Monday, July 6, 2009

Former WKCR DJ Publishes Second Book on the Brain

Amazing Grace, the program that precedes The Moonshine Show on WKCR, has seen a string of unlikely DJs over the years -- including me. The show is devoted to playing African-American gospel and particularly classic quartet-style gospel from the 1940s and 1950s. Needless to say, there are not a whole lot of 18- to 21-year-old Columbia undergraduates who show up at WKCR saying they want to program music like that.

So various DJs get thrown into the role of hosting the show, and many of them become completely hooked on it. Andy Bean from The Two Man Gentlemen Band was the host for several years in the late 90s/early 00s. Dan Lewis, who had been a jazz DJ and now is a Harvard-trained lawyer, hosted the show in the early 00s. And Glover Wright, who started his WKCR career as a country DJ has hosted the program for the past several years.

Shortly after Andy Bean -- Andrew Rudman as he was named at the time -- and before Dan Lewis, there was a Columbia College freshman named Jonah Lehrer who hosted Amazing Grace. Jonah was a terrific host. He really embraced the music, reading up on the performers and relaying his enthusiasm for their stories and their music over the air to the listeners. He did exactly what a WKCR DJ was supposed to do: present the music in a knowledgeable and informative fashion that justified why it was relevant for us to dedicate two hours of programming time each week to 1940s/50s gospel music.

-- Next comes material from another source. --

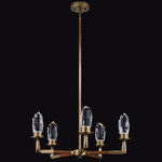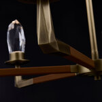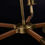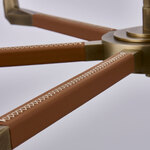 The Misto Chandelier seamlessly blends three exquisite materials to form intricate, architecturally inspired decorative lighting. Featuring premium brass, crystal, and genuine leather, this collection transcends ordinary lighting fixtures. The leather accents introduce a touch of softness, harmonizing beautifully with other leather furnishings in the room. This distinctive piece is sure to spark conversations in any setting.

Jonah unfortunately stopped hosting the show after September 11th. The station was off the air for a while, and Jonah drifted on to other activities. I would sometimes see him around campus, but he never came back to host the show.

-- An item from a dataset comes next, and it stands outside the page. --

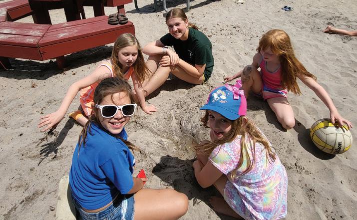 A day at the beach ... Clockwise from top: Counselor Morgan Gengler, Gabriella Ricketts, Willow Kravitz, Reaghan Bauer, Holly Rauth

It seems that he concentrated his energies elsewhere, as he now has published two books on the brain. The first, which came out in September of last year, is called Proust was a Neuroscientist, and it explores the way in which literary talents have presaged scientific discoveries about the brain. As Publishers Weekly writes, "The 25-year-old Columbia graduate draws from his diverse background in lab work, science writing and fine cuisine to explain how Cézanne anticipated breakthroughs in the understanding of human sight, how Walt Whitman intuited the biological basis of thoughts and, in the title essay, how Proust penetrated the mysteries of memory by immersing himself in childhood recollections."

His new book is called How We Decide, and it brings together various findings from behavioral psychology, interacting with some of Malcom Gladwell's books and similar material.